### What needs to be done
Which lines run from the one containing "Niece 5th birthday." to the end of the material below? Copy them exactly, pictures excluded.

───── Source data ─────

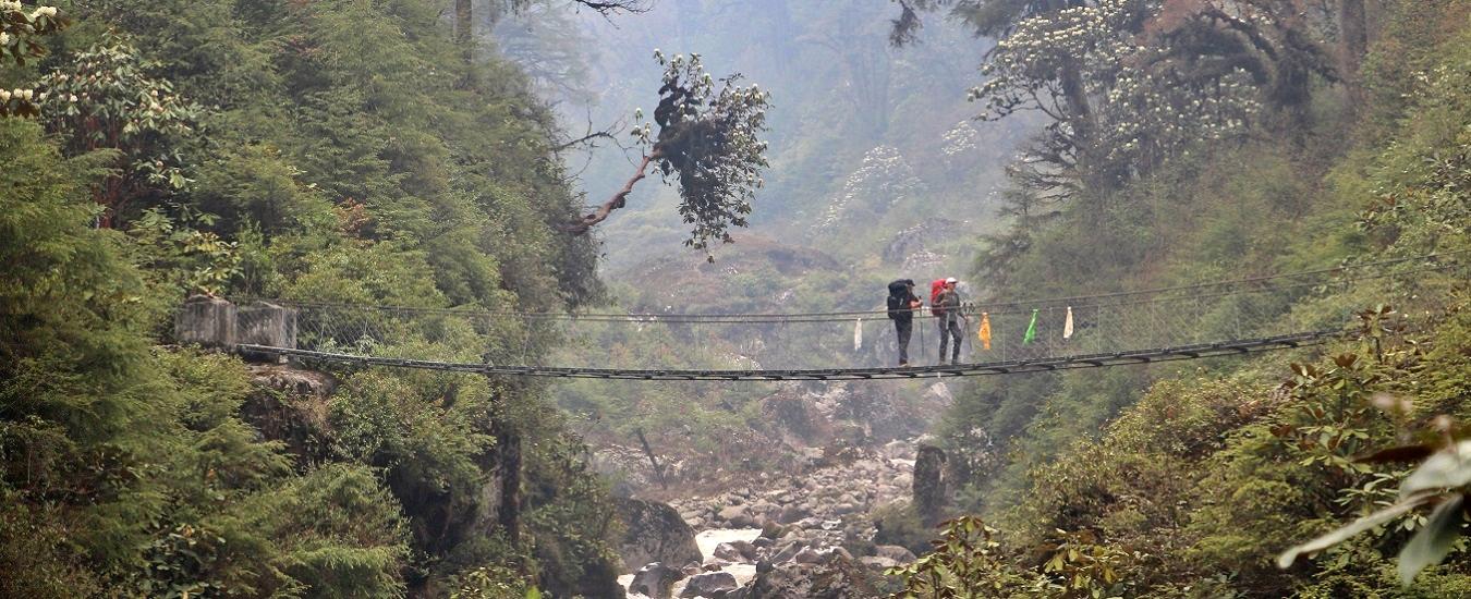 We descend to the village of Pokora through the Phawa Khola, crossing a suspension bridge. Before beginning the trek, climb up to Kunjuri. We get our first views of Kanchenjunga and we stay further ahead in Khesewa.
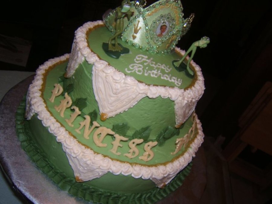 Niece 5th birthday. Both tiers vanilla cake all buttercream icing. Princess tiara and character figures used as toppers. "Princess Jaliah" lettering done with candy melts.
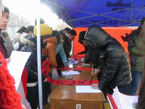 2012年的最后一天12月31日,我院大学生书画协会在第二餐厅前的广场上隆重的举办了“元旦迎新春送春联”活动。本次活动特别邀请了有成斋的四位青年书法家,他们亲笔献书,现场写出一幅幅充满喜庆吉祥的春联,免费送给前来参与活动的各位同学。

─────

### Output of the exercise
 Niece 5th birthday. Both tiers vanilla cake all buttercream icing. Princess tiara and character figures used as toppers. "Princess Jaliah" lettering done with candy melts.
 2012年的最后一天12月31日,我院大学生书画协会在第二餐厅前的广场上隆重的举办了“元旦迎新春送春联”活动。本次活动特别邀请了有成斋的四位青年书法家,他们亲笔献书,现场写出一幅幅充满喜庆吉祥的春联,免费送给前来参与活动的各位同学。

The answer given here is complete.